Добавить в цитаты Настройки чтения

Страница 72 из 82

Если Глендауэр не спасал жизнь Гэнси, то Гэнси не знал, кого благодарить, кем быть и как жить.

Никто не говорил ни слова.

Гэнси коснулся черепа, провел пальцами по высокой скуле, по лицу своего обещанного и погубленного короля. Его останки давно высохли и посерели.

Все кончено.

Этот человек никогда не станет частью жизни Гэнси.

– Гэнси? – позвала Блу.

Минуты тянулись одна за другой, и осознание медленно погружалось до самых глубин его сердца.

Все кончено.

Глава 58

Гэнси уже забыл, сколько раз ему говорили, что ему на роду написано быть великим.

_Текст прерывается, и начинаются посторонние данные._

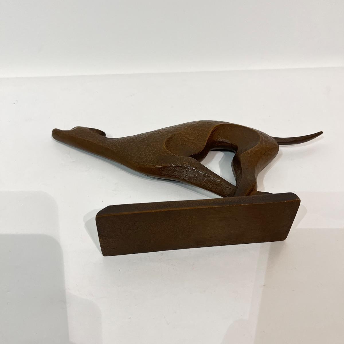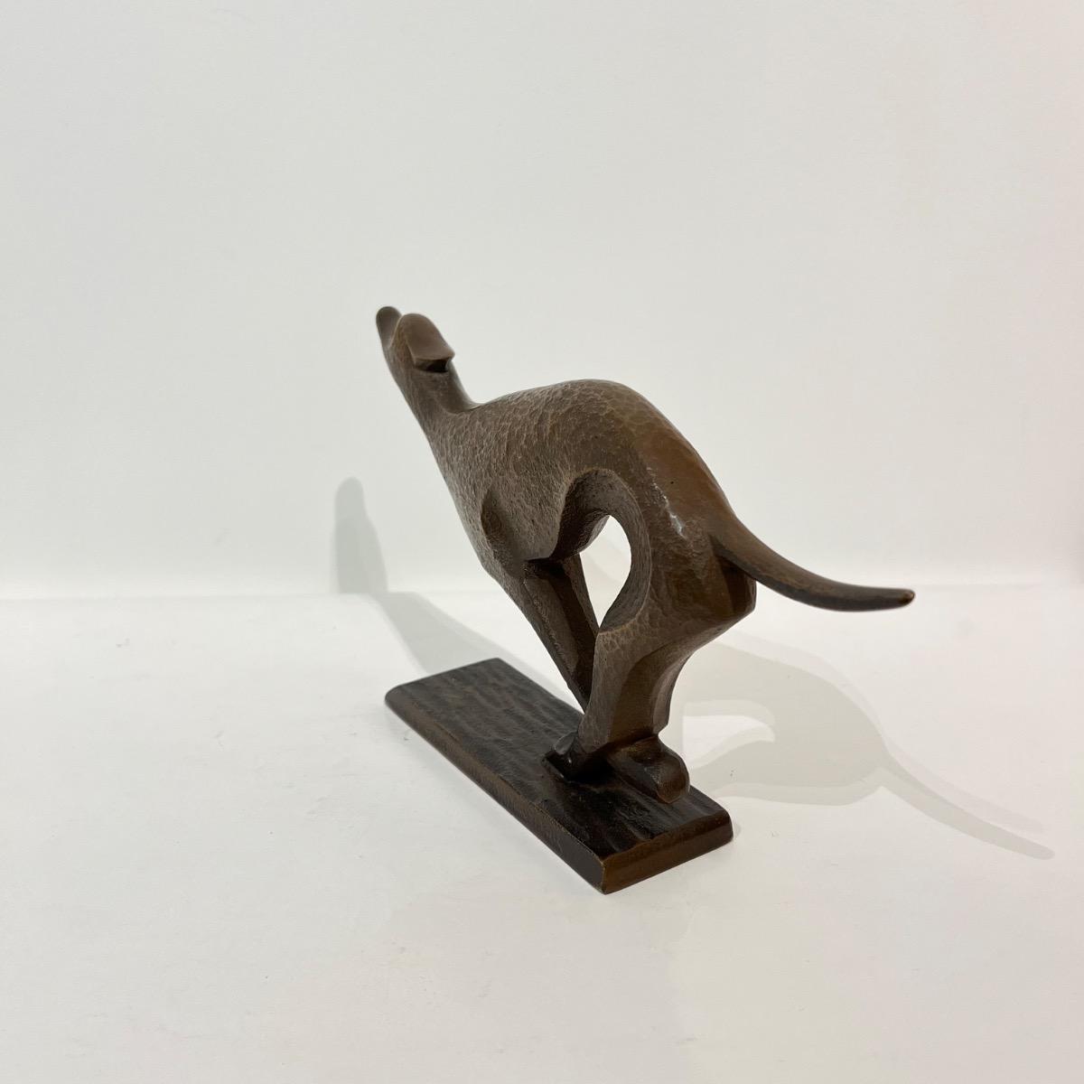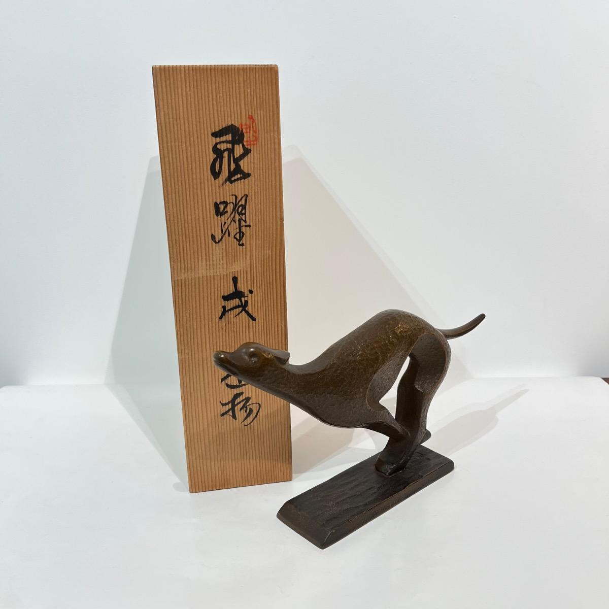 Okimono en bronze représentant un chien, a priori un lévrier, courant.
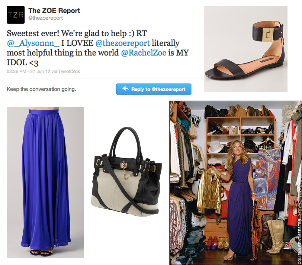 Today I tweeted to The Zoe Report not expecting a response and right away I received the reply that is above. Even though this tweet was most likely not from the AMAZING Rachel herself, it’s still nice to know that her team took the time to write back to lil’ ‘ol me. I have deeply admired Rachel Zoe since her show (The Rachel Zoe Project) debuted on Bravo in 2008. When the show began I was instantly hooked and knew at that moment that I wanted to follow in Rachel’s footsteps. Since then my dreams haven’t wavered and I am taking a similar path that Rachel herself took. Some GREAT advice I received from Damsel in Dior as well as the ladies at E! is that, “there is no wrong or right path to take, all that matters is that you got there.” I believe this bit of advice pertains not only to me, but to many of you other fashionistas trying to break into the bizz.
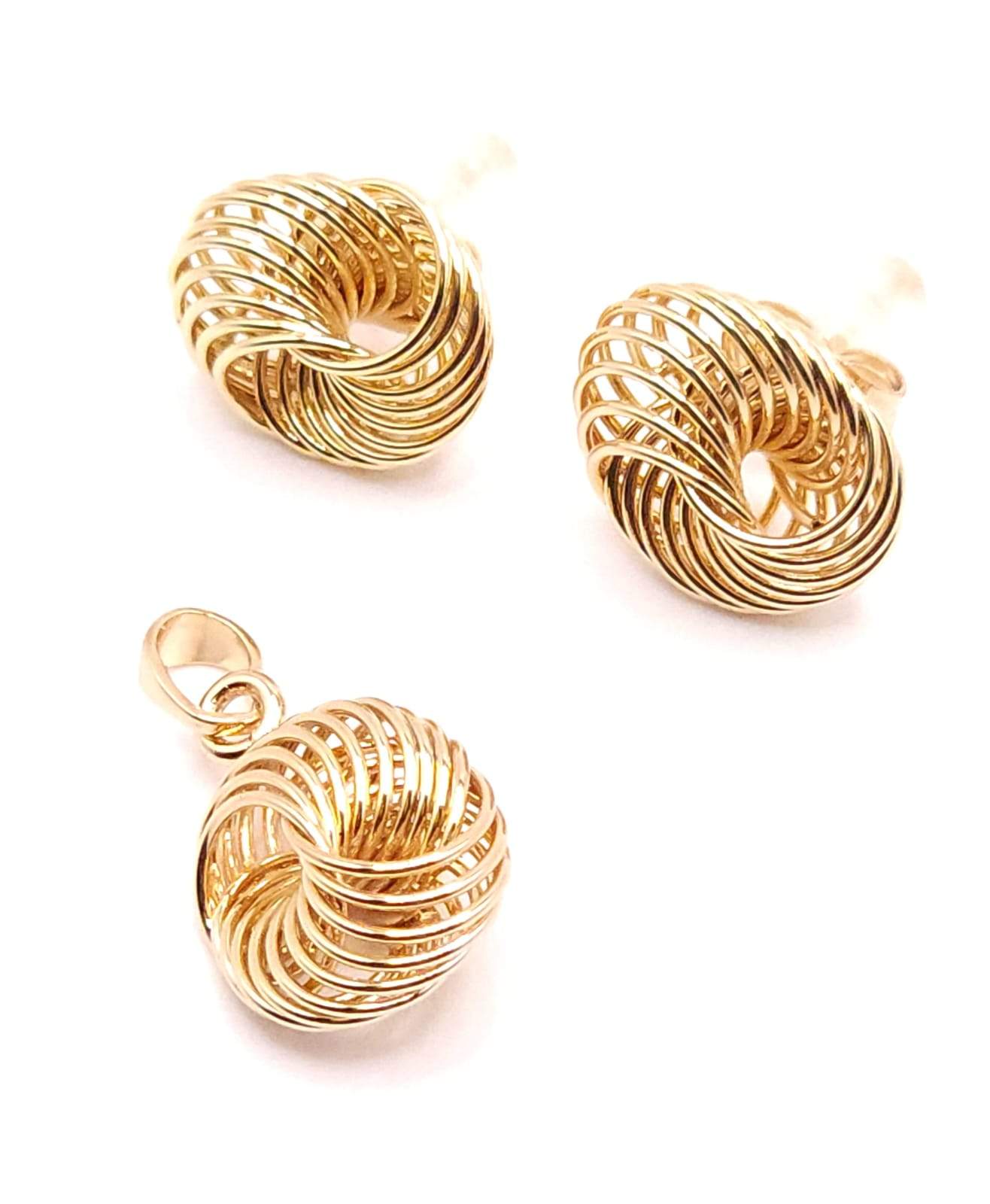 JUEGO DE DIJE Y ARETES CON DISEÑO ESPIRAL EN 3D EN COLOR DORADO

Неужели это все, для чего он был рожден?

Они вышли на солнце. Чары силовой линии похитили у них много часов, а они даже не ощутили этого и теперь сидели в обветшалом особняке Грин-хаус, всего лишь в нескольких сотнях метров от того места, где когда-то умер Гэнси. Гэнси сидел в бальном зале, опершись спиной о стену, в квадрате солнечного света, проникавшего сквозь грязное, пыльное окно. Он устало потер рукой лоб, хотя совсем не устал – наоборот, он чувствовал себя настолько бодрым, что был почти уверен, что силовая линия каким-то образом повлияла и на это.

Все кончено.

Глендауэр мертв.

Рожден быть великим, говорили ему ясновидящие. Один в Штутгарте. Один в Чикаго. Один в Гвадалахаре. Двое в Лондоне. Так где же оно, это величие? Возможно, он уже потратил его до последней капли. Возможно, величие касалось лишь его способности находить исторические артефакты. Возможно, величие заключалось лишь в том, кем и чем он мог быть для других людей.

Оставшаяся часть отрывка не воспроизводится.